Is it possible to do it with Xojo? I got it with Filemaker using the webviewer and a script but I don’t know how to do it in Xojo. Could anyone help me please? I am lost.

Thank you very much,
Sergio

Tim_Hare · January 14, 2015, 7:46pm

One approach would be to load the result into an XMLDocument and use XQL to locate the nodes you want based on their “class” property.

Kem_Tekinay · January 14, 2015, 8:23pm

The answer is, yes, it’s all possible, but you have to be more specific about which part confuses you. If you ask specific questions, you’ll most likely get more responses.

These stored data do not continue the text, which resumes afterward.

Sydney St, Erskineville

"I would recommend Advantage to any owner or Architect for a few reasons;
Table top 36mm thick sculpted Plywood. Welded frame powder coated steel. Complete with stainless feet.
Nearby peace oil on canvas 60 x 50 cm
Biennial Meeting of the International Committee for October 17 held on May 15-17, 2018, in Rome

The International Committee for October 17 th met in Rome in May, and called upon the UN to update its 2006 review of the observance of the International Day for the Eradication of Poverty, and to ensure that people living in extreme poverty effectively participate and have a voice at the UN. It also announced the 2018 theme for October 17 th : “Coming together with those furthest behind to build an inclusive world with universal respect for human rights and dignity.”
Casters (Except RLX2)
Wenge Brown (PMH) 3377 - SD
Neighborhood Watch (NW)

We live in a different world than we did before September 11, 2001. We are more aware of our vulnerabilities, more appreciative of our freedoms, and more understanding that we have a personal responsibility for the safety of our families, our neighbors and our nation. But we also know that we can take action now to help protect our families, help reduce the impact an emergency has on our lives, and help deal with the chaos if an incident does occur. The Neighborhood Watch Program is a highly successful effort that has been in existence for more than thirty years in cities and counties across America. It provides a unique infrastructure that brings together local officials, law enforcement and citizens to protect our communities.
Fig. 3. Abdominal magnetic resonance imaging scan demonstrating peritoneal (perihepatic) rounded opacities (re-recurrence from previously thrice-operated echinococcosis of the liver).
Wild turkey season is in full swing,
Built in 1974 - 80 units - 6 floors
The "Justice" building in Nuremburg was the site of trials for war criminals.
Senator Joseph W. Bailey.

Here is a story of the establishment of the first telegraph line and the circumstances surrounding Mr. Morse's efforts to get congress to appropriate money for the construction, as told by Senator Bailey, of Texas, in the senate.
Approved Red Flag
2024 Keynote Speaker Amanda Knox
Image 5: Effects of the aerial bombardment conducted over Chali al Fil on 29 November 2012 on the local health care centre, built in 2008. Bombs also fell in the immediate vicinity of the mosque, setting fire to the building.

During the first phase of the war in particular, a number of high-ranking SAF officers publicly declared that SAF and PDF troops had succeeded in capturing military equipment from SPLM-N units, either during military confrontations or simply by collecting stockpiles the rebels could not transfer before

Aaron_Martinez · January 14, 2015, 8:36pm

To download the source code of a web page use a socket:

http://documentation.xojo.com/index.php/HTTPSocket.Get

Then save the resulting string in some format that suits your preferred way of parsing, such as the XMLDocument that Tim mentioned. For similar tasks I have used array = string.split(EndOfLine) to get an array that can be looped through and searched.

Also, there is a “Preview First 10” link in the download button that you might be able to manipulate to get multiple items at once in a format that is easier to work with.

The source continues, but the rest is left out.